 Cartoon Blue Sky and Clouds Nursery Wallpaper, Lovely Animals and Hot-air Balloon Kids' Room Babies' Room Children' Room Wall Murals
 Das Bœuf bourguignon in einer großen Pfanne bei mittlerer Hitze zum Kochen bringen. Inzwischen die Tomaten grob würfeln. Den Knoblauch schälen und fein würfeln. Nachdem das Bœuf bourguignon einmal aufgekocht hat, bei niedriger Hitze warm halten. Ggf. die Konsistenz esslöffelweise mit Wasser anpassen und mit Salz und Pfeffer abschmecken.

__________________________________________________

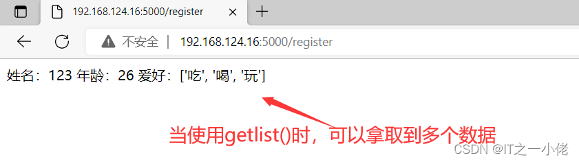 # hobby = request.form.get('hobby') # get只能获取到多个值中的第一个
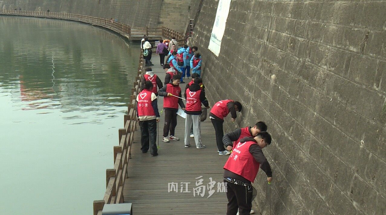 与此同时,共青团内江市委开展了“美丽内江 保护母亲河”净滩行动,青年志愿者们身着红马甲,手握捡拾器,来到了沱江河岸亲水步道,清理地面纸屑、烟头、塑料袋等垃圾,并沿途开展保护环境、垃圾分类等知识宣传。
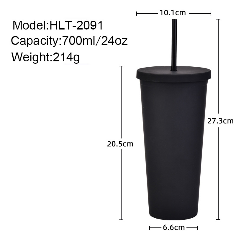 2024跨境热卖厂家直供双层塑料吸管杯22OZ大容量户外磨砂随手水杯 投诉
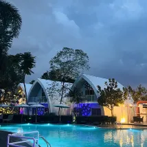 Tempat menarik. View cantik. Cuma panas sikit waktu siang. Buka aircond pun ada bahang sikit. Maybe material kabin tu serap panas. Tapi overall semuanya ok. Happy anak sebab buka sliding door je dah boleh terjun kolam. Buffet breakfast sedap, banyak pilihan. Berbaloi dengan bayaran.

__________________________________________________

Copy out the listing above from the line containing "# hobby = request.form.get('hobby')" to the line containing "Tempat menarik. View", both included, exactly as written and minus the images.

 # hobby = request.form.get('hobby') # get只能获取到多个值中的第一个
 与此同时,共青团内江市委开展了“美丽内江 保护母亲河”净滩行动,青年志愿者们身着红马甲,手握捡拾器,来到了沱江河岸亲水步道,清理地面纸屑、烟头、塑料袋等垃圾,并沿途开展保护环境、垃圾分类等知识宣传。
 2024跨境热卖厂家直供双层塑料吸管杯22OZ大容量户外磨砂随手水杯 投诉
 Tempat menarik. View cantik. Cuma panas sikit waktu siang. Buka aircond pun ada bahang sikit. Maybe material kabin tu serap panas. Tapi overall semuanya ok. Happy anak sebab buka sliding door je dah boleh terjun kolam. Buffet breakfast sedap, banyak pilihan. Berbaloi dengan bayaran.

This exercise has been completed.